# what is this plant ?



## cchrisc (Oct 3, 2008)

These are two of the same type of plant. They've grown slowly under higher light conditions, around 4wpg, and since I've gone to about 2wpg, they seem to thrive a little more. Can anyone identify this plant to the right


----------



## Cavan Allen (Jul 22, 2004)

The first plant (the grassy one) is _Sagittaria subulata_. 
http://www.aquaticplantcentral.com/...ails.php?id=77&category=genus&spec=Sagittaria

The second is a _Cryptocoryne_, possibly _C. pontideriifolia_. 
http://www.aquaticplantcentral.com/...s.php?id=155&category=genus&spec=Cryptocoryne

It looks like you really need to embark on a solid fertilization plan. We can help.


----------



## cchrisc (Oct 3, 2008)

I'm currently using Tom Barr's method. What do you recommend?


----------



## Zapins (Jul 28, 2004)

If your current method is working for you, you should keep it up. No use fixing something that isn't broken


----------



## Cavan Allen (Jul 22, 2004)

The crypt isn't supposed to look like that; much more iron and micro nutrient fertilization is needed.


----------



## chagovatoloco (Nov 17, 2007)

I have been helping with this tank since it started. He has a good substrate and the tank get's full ei dosing. It has flourish added three times a week and no other plant is showing a nutrient deficiency. This plant is well and healthy I just think we have the wrong Id, it puts off new leafs and had been growing for well over a month or so in this aquarium. I tried to Id it but I couldn't find anything close, has any one seen any thing close to it?


----------



## Cavan Allen (Jul 22, 2004)

It may be otherwise healthy, but it's chloritic. I suggest more iron.


----------



## chagovatoloco (Nov 17, 2007)

Dose this plant have high Iron requirements?


----------



## Cavan Allen (Jul 22, 2004)

Not particularly, no. You could increase the Flourish and/or add some Flourish Iron or perhaps give it a Flourish Tab, Multi Bottom or something similar. The tank looks healthy otherwise. It just needs a little bit of a boost in terms of micros.


----------



## hooha (Apr 21, 2005)

If you feel that the dosing is good for the rest of the plants, I'd keep it for now and try a root tab underneath the crypt. Update us if there's any change in the growth pattern


----------



## cchrisc (Oct 3, 2008)

I will. Thanks for all the input.


----------



## edwardn (Nov 8, 2008)

One has to take under consideration an aspect of antagonisms between particular elements in plant nutrition. An excess of some nutrients can cause deficiency of another.

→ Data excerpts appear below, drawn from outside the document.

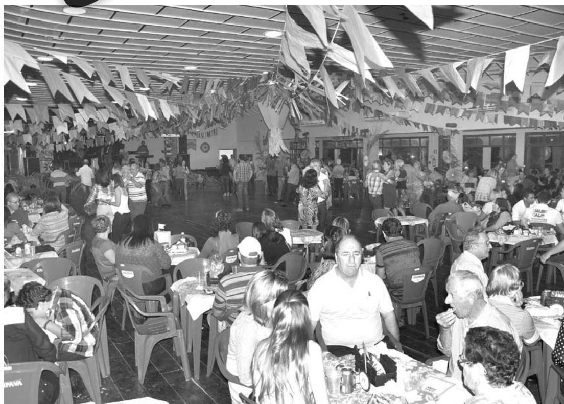
Salão de festas da Casa de Portugal tomado pelo grande público que prestigiou o ‘Arraiá da AVCC’

re’, formada por voluntários qualificados especificamente a este tipo de atendimento, leva uma palavra de carinho e de apoio, além do tratamento de saúde que ameniza a dor física dos enfermos. Eles
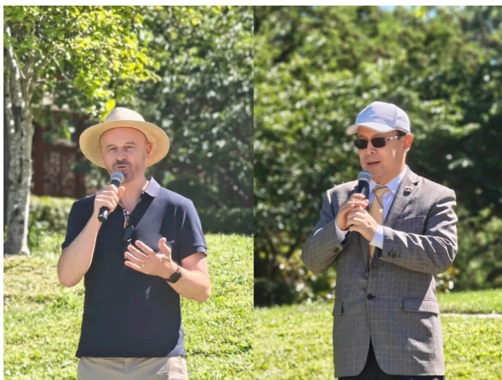
图：左为巴尔部长，右为肖千大使

12月7日，中国驻澳大利亚大使馆肖千大使，出席北京堪培拉结为友好城市25周年庆祝活动。该活动由堪培拉北京花园之友主办，澳大利亚中国工商业委员会承办。澳大利亚首都领地首席部长巴尔、澳中友协首都领
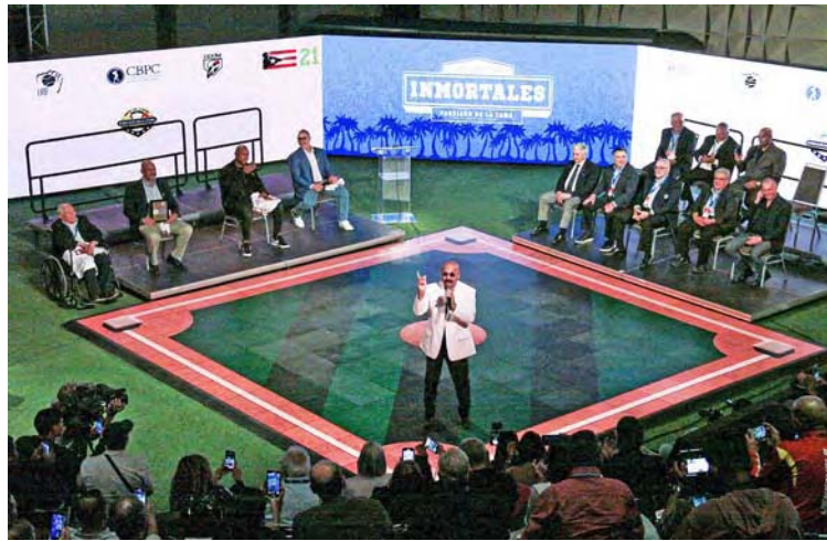
Oscar D'León aprovechó para cantarle a los presentes
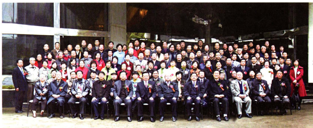
▲ 民建合肥市第十一次代表大会合影
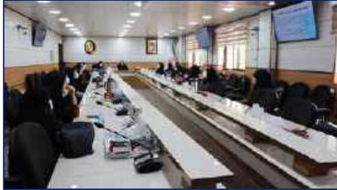
نشست صمیمی مشاور ریاست دانشگاه در امور بانوان با نماینده های واحدهای تحت پوشش دانشگاه ۱۴۰۱/۰۲/۲۷
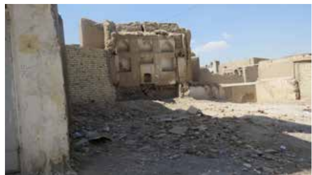
تصویر ۵. خانه‌های قدیمی تخریب شده در محله جماله.

سلسه مراتب است، از بارزترین معضلات امروز بافت محله جماله است.
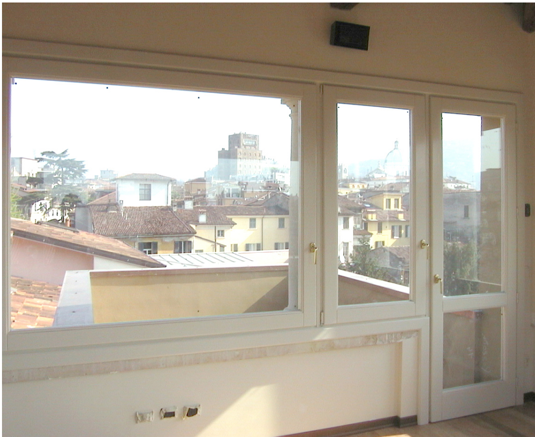
4. Palazzo Cima del Moretto, Brescia
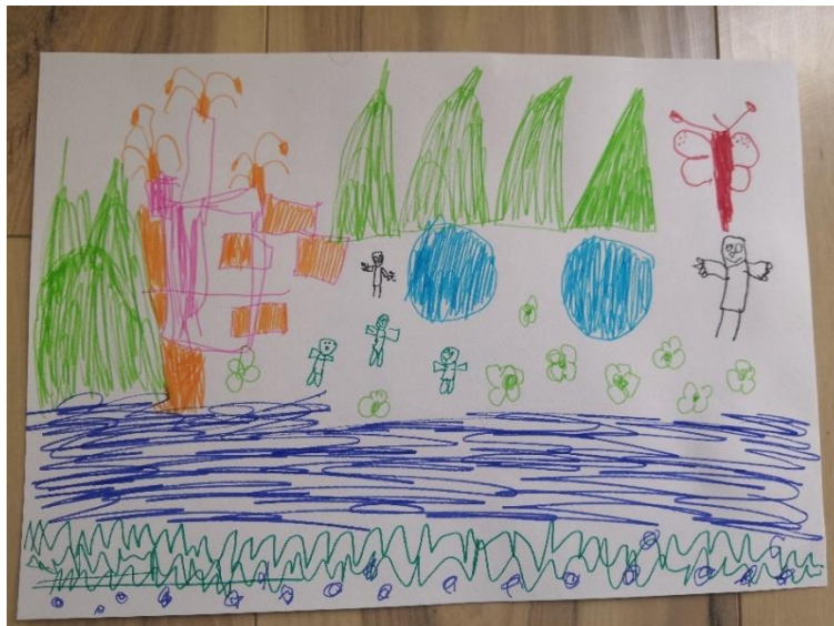
Slika 24. M.M. (4 god. i 8 mj.)

“A zaš' se zove horor kad nije ništa strašno na slici?”
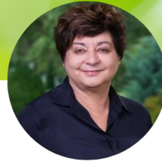
Anne Mutter Holle baby food AG
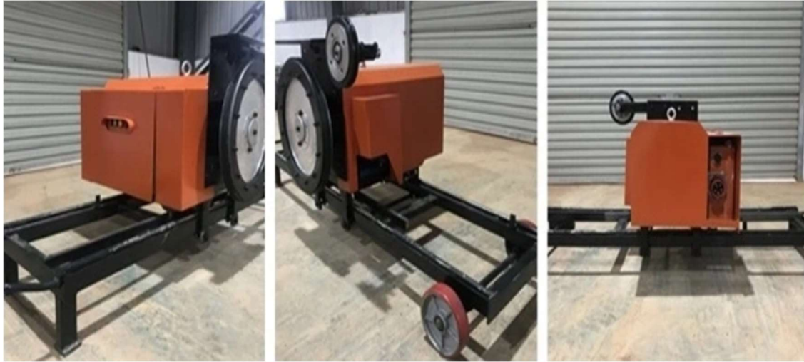
Slika 3-19: Dijamantna žična pila WSM
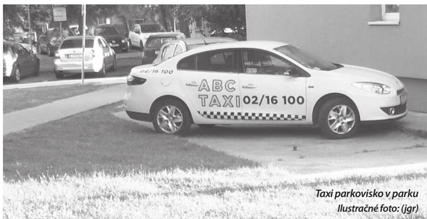
Taxi parkovisko v parku

V bratislavskom kraji za prvý mesiac roka 2017 zaznamenali policajné štatistiky 24 prípadov trestného činu Ublíženie na zdraví (SR 217), na základe ktorých bolo vyšetrovaných osem osôb (objasnenosť 43%), jedna osoba spáchala čin pod vplyvom alkoholu. Tak vraví § 156 trestného zákona v súvislosti s ublížením na zdraví: Kto inému úmyselne ublíži na zdraví, potrestá sa odňatím slobody na šesť mesiacov až dva roky. (Okolnosťou podmieňujúcou použitie vyššieho trestnej sadzby - odňatie slobody na jeden rok až päť rokov - je čin spáchaný na chránenej osobe, z osobitného motívu, závažnejší spôsob konania, za krízovej situácie alebo spôsobenie ťažkej ujmy na zdraví).
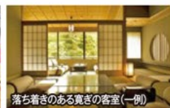
落ち着いた寛ぎの客室(一例)
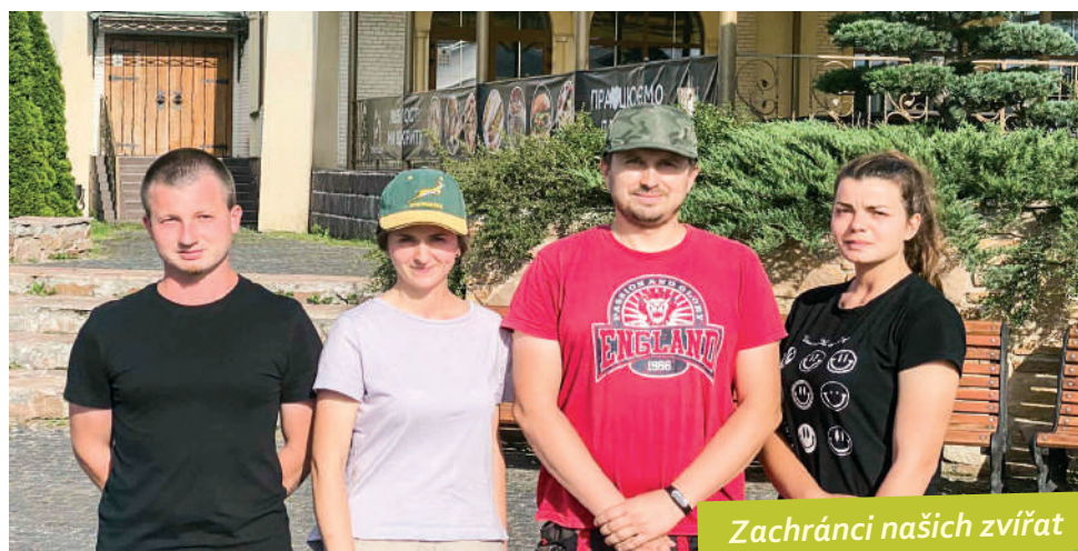
Zachránci našich zvířat

Budoucnost nevypadá růžově. Zoo není nákupní centrum ani restaurace, kterou lze odpojit od sítě, zavítat a počkat na lepší časy. Nelze jej ani „optimalizovat“, protože všechny jeho složky, jako je krmivo, vytápění od podzimu do léta, úklid a údržba se prostě nedají zredukovat – proto si musíme utáhnout opasky. Procházíme opravdu vážnou zkouškou a nebudete nám asi nic jiného (dokud nejsou návštěvníci), než požádat o pomoc, protože sami bohužel udržet zoo nedokážeme.
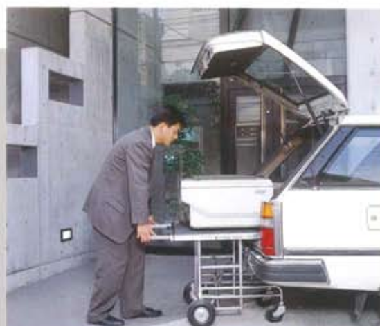
組み立て時に、床の高さに合わせる事が出来ます。
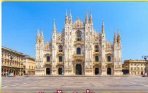
ซอปป์ิงจู่ที่มิลาน
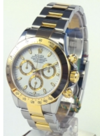
Typ: Chronograph Hersteller: Rolex Modell: Cosmograph Daytona Material: 750 GG Serien-Nr. 116523-78493 Individualnr. F448800
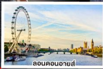
ลอนดอนอายส์

เดินทาง 12-20 ต.ค. 67 15-23 พ.ย. 67 27 ธ.ค. 67-04 ม.ค. 68 10-18 ก.พ. 68 11-19 มี.ค. 68
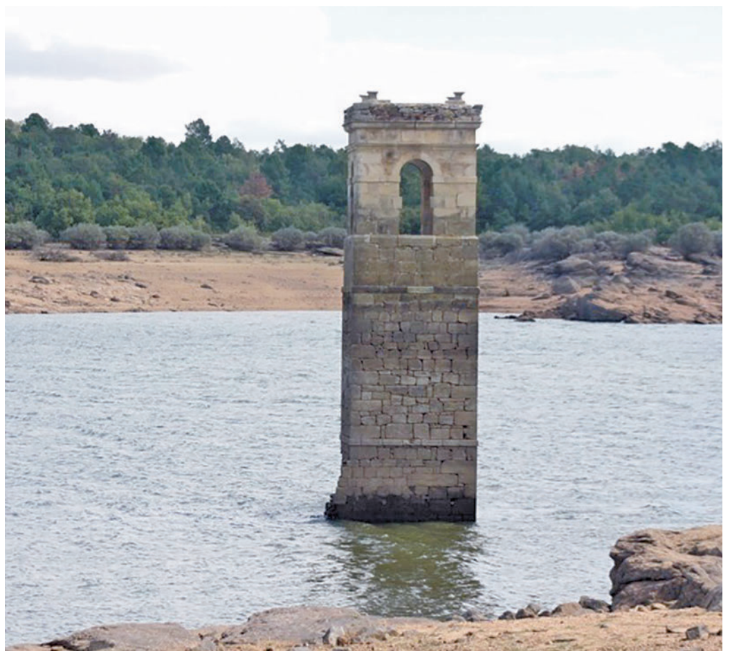
España atraviesa un episodio de sequía intenso
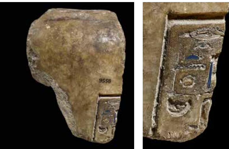
Abb. 7 Die – vermutlich abgeänderte – Inschrift an einer Kanopenvase bezieht sich auf eine »Gemahlin des Königs«, die diesen Status sowohl vor der Amarnazeit als auch unter Echnatons Regierungszeit innehatte. Neben den nur 1-2mm breiten Einlagen aus blauem Glas sind die Hieroglyphen auch mit transparent-farblosem, aber mit roter Farbe hinterlegtem Glas dekoriert. British Museum, London, EA 9558.

Aufgrund dessen erstaunt es nicht, dass auch an der Wanne eines Sarges (KV 55 28 ), der möglicherweise einst für die Bestattung Echnatons geschaffen wurde, transparente, farblose – wenn auch mit kleinen Bläschen durchsetzte – Glaseinlagen zur Dekoration einzelner Hieroglyphen der Inschrift eingesetzt wurden 29 . Ebenso sind einige der zahlreichen Glasstäbchen, die in Tell el-Amarna gefunden wurden, aus transparent-farblosem Glas hergestellt 30 .
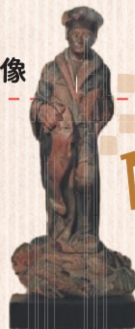
国指定 重要文化財

慶長5(1600)年豊後国(大分県)に漂着したリーフデ号の船尾に立てられていたもので、オランダの神学家・啓蒙思想家エラスムス(1467～1536年)の像。我が国の対外交渉史の上で貴重な資料です。
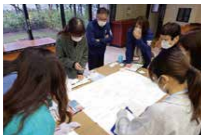
地元高校生による地域の活性化
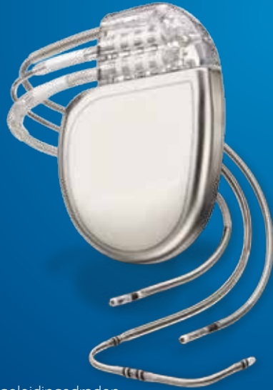
CRT-defibrillator (CRT-D) en geleidingsdraden
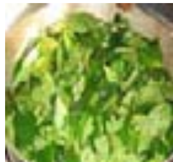
6ª camada - folha
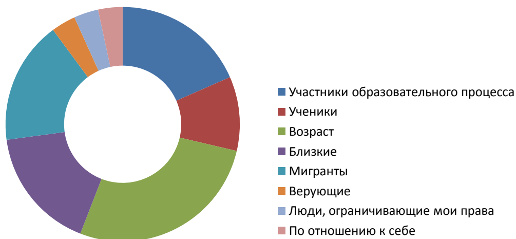
Рисунок 1. Субъекты проявления толерантного отношения у педагогов

Ответы, полученные на этот вопрос, с помощью процедуры контент-анализа были классифицированы и проранжированы (рисунок 1).
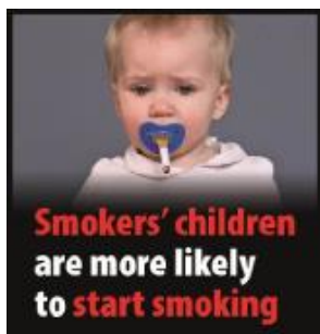
Börn foreldra sem reykja eru líklegri til að byrja að reykja en börn annarra
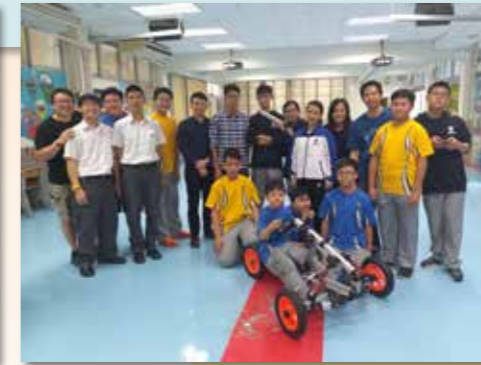
團隊透過合作成功組裝電動車
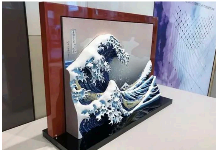
Figure 2. Decorative objects in 3D printed ceramics 图 2. 3D 打印陶瓷的装饰品 ②
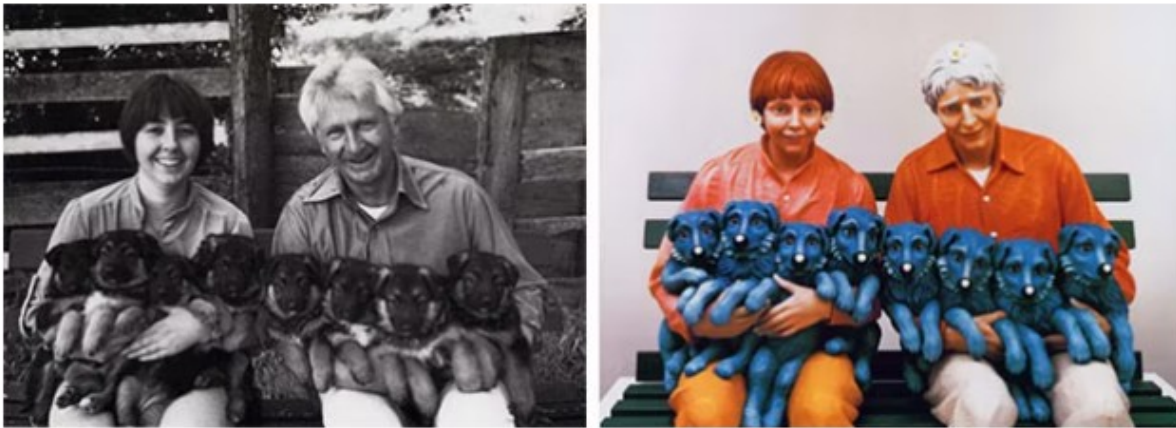
Photograph: Art Rogers – 1985; Polychrome: Jeff Koons – 1988

(alt_description=“fotos una al lado de la otra de la fotografía de Art Rogers y la estatua de Jeff Koons”)

Excess .......... Deficiency

N .......... K
K .......... N, Ca, Mg
Na .......... K, Ca, Mg
Ca .......... Mg, B 
Mg .......... Ca
Fe .......... Mn 
Mn .......... Fe

Now, that you have another angle to resolve your, obviously, nutritional problem ( to this, muddle your picture with pH and water temperature, as well as particurality of this plant), go figure...


----------



## davemonkey (Mar 29, 2008)

All of the crypts I've had so far have done much better when I've put root tabs under them.

-Dave


----------